Join us for a virtual talk by prize-winning journalist Mary Carter Bishop exploring the history of urban renewal in Roanoke and its impact on the city’s Black community.
Beginning in 1955 and continuing throughout the remainder of the 20th century, much of Roanoke’s Black neighborhoods were destroyed by urban renewal projects to build an interstate, parking lots and a civic center. In 1995, Bishop wrote a groundbreaking history of Roanoke’s urban renewal efforts for the Roanoke Times titled “Street by Street, Block by Block: How Urban Renewal Uprooted Black Roanoke.” More recently, she has authored an Encyclopedia Virginia entry titled “Urban Renewal in Roanoke.”

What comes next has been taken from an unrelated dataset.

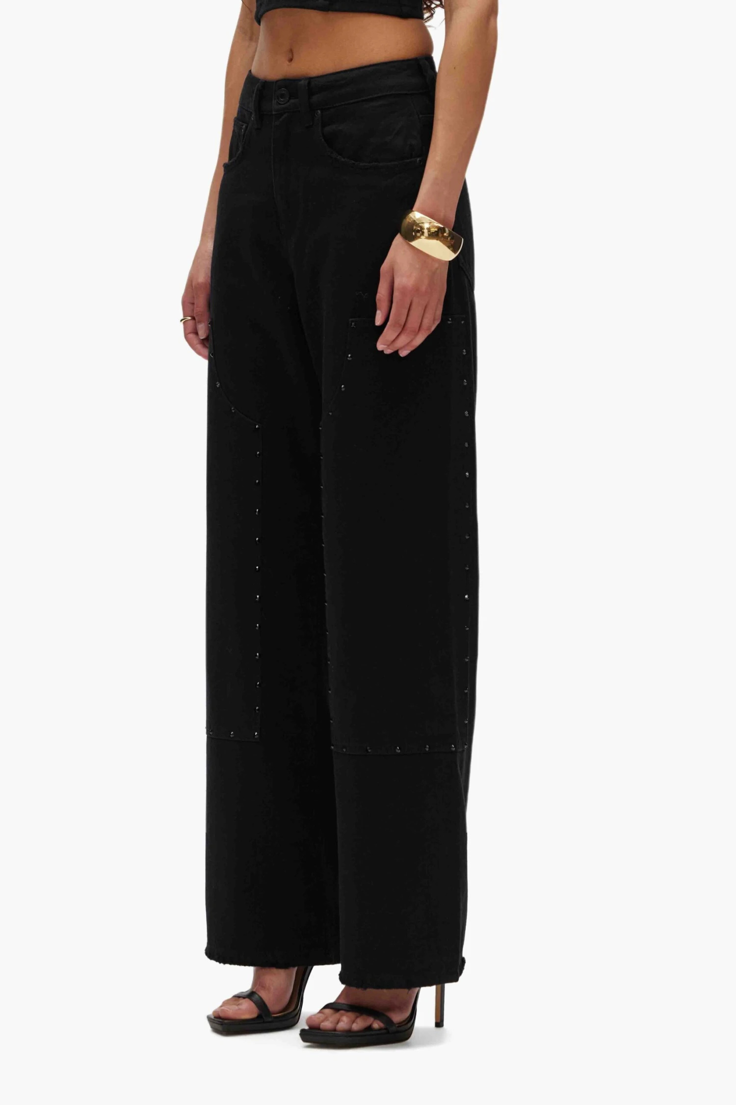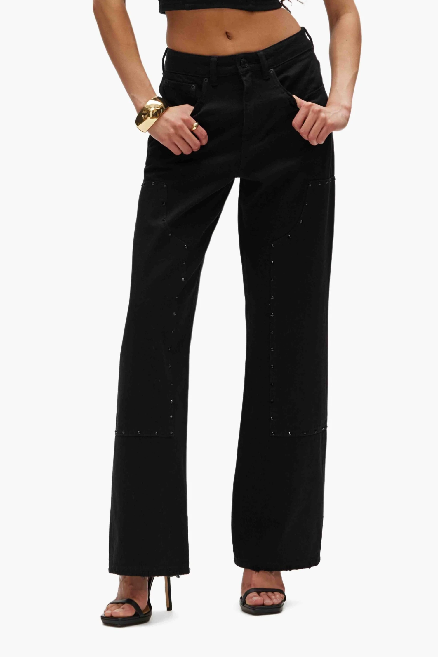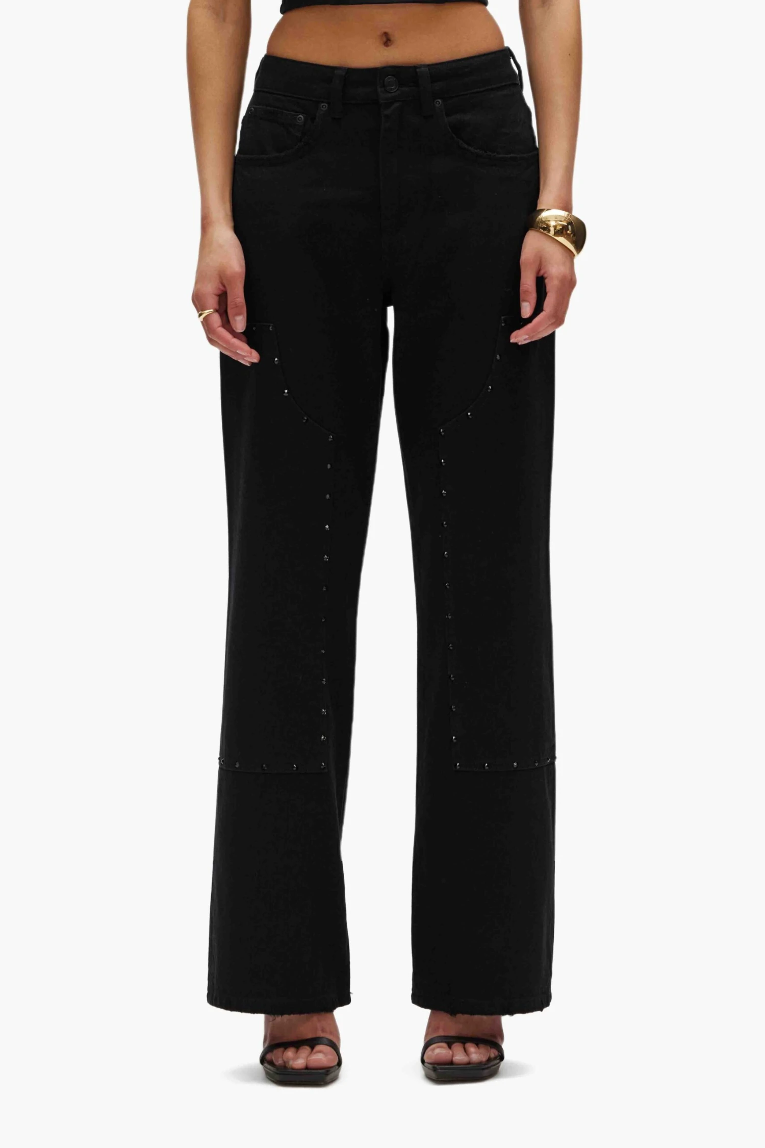 These jeans are classically detailed with double knee panels outlined with rhinestones, a hammer loop, reinforced belt loops, bar-tack stitching for extra durability, and a custom Purple cowhide leather patch.

Bishop is a retired journalist. While at the Philadelphia Inquirer, she was on a team that won a Pulitzer Prize for coverage of the partial meltdown of the Three Mile Island nuclear plant. Later, she was a Pulitzer finalist and winner of a George Polk Award for a Roanoke Times & World-News series on pesticide poisoning and fraud by exterminators.
This event is one of a series of programs highlighting stories of displacement in Virginia communities as part of the Library of Virginia's programming related to the exhibition “House to Highway: Reclaiming a Community History”. Exhibition-related programming is provided with support from Virginia Humanities and the Mellon Foundation.